* _Exercise objective_
Please repeat exactly the lines below from the one containing "With a stroke" down to the one containing "DLJ2 - Blue", both included, and nothing else.

* _Supplied material_
-- -- --
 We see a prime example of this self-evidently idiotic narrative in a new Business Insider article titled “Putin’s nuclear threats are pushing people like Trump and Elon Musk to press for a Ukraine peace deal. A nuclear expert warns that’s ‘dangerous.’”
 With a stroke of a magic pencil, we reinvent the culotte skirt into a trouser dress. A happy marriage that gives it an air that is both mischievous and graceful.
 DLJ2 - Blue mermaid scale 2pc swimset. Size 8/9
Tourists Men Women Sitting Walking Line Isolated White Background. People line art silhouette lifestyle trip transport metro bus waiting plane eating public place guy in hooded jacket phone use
-- -- --
* _Solution for this task_
 With a stroke of a magic pencil, we reinvent the culotte skirt into a trouser dress. A happy marriage that gives it an air that is both mischievous and graceful.
 DLJ2 - Blue mermaid scale 2pc swimset. Size 8/9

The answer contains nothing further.